Google, long thought to be nearly recession-proof, proved its strength once more amid a battered economy.
The company turned in a solid third quarter, today reporting revenues of $5.54 billion, a 31 percent increase from the same period a year ago. Net revenue — that is, revenue after about $1.5 billion in payouts to publishing partners — totaled $4.04 billion. Excluding special items, the search king also posted earnings of $4.92 per share on net income of $1.56 billion.
Analysts polled by Thompson Reuters were looking for earnings of $4.79 on net revenue of $4.05 billion.
The company also posted healthy free cash flow of $1.7 billion.
“We had a good third quarter with strong traffic and revenue growth across all of our major geographies thanks to the underlying strength of our core search and ads business,” CEO Eric Schmidt said in a statement. “While we are realistic about the poor state of the global economy, we will continue to manage Google for the long term, driving improvements to search and ads, while also investing in future growth areas such as enterprise, mobile and display.”
Google’s (NASDAQ: GOOG) resilience has been due in large measure to its position atop the search-advertising market. Analysts have noted that at a time when marketers are slashing their advertising budgets, they tend to shift more of their money toward search ads, which offer greater accountability than display ads and other formats. Unlike display ads, which are sold on a cost-per-thousand impressions (CPM) rate, advertisers only pay for a search ads when a user clicks on it, so the cost is tied to a measurable action.
Fifty-one percent of the company’s revenue came from outside the United States. Google said that a fluctuating exchange rate cost the company $59 million in revenue.
Google’s shares ended the day up 4 percent to $353.02 and continues to rise in after-hours trading.
The company does not provide forward-looking guidance.
The third quarter saw the company dive headlong into the mobile arena with the unveiling of T-Mobile’s G1 smartphone, the first device built on Google’s open source Android platform.
On the regulatory front, a good deal of Google’s energy is currently devoted to trying to assuage the concerns of antitrust officials reviewing the company’s proposed search-advertising partnership with Yahoo (NASDAQ: YHOO).

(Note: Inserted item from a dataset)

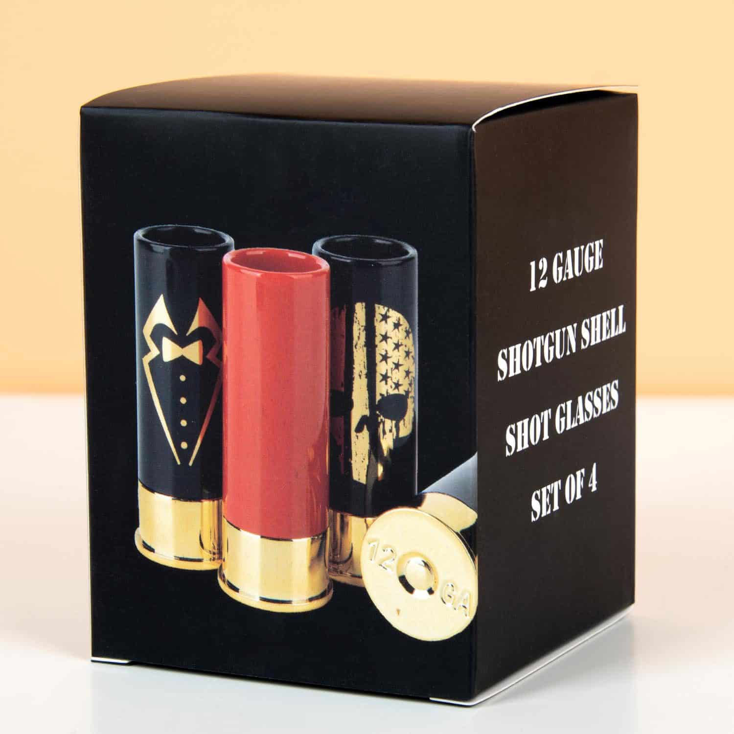 Wenn Sie an einen Schuss denken, denken Sie wahrscheinlich eher an einen Schuss Alkohol als an eine Schrotflinte. Der Hagelmuster-Schnapsgläser (4er-Set) kombinieren beides. Diese originellen Schnapsgläser sehen aus wie eine Schrotpatrone. Sie sehen aus, als kämen sie direkt aus einer Schrotflinte,Aber keine Sorge: Für die Herstellung dieser Gläser sind keine Tontauben gestorben.

Through that arrangement, Google would supply ads for a limited amount of the queries made on Yahoo’s search engine. Opponents of the deal, most vocally Microsoft (NASDAQ: MSFT), have argued that the deal would presage Yahoo’s exit from the search market, by ceding an ever-greater portion of its search ads to its larger rival. They also charge that it will have the ultimate effect of raising prices for advertisers.
Google and Yahoo have both countered that they will remain vigorous competitors, noting that the deal is nonexclusive, and only applies to the Web properties that Yahoo owns. The companies say that the market will set the price of search ads, given that advertisers bid on keywords in an auction format.
The Department of Justice has been reviewing the deal since it was announced in June. About a dozen states’ attorneys general have joined in the review, and regulators in Canada and Europe have opened their own investigation.
Since they are not merging, the companies did not need regulatory approval, but volunteered to put the deal on hold to accommodate a review. They recently said that they would delay implementation further to give regulators more time to evaluate the antitrust implications.
Throughout the quarter, Google has made several modifications to its own ad platform, including an ongoing reduction in the number of ads it places on its search pages. The company claims that placing fewer, more relevant ads will improve the results for advertisers, while also generating more revenue for Google owing to a higher paid-click rate.
Earlier this year, Google’s share price took a hit when a report from comScore about a decline in overall paid clicks led jittery investors to begin selling the stock.
Google also continues to experiment with new ad formats for its popular video-sharing site YouTube. Executives often talk up the monetization opportunities they see in the site that accounts for nearly 40 percent of all videos watched online, but they admit that they have yet to hit on the right format.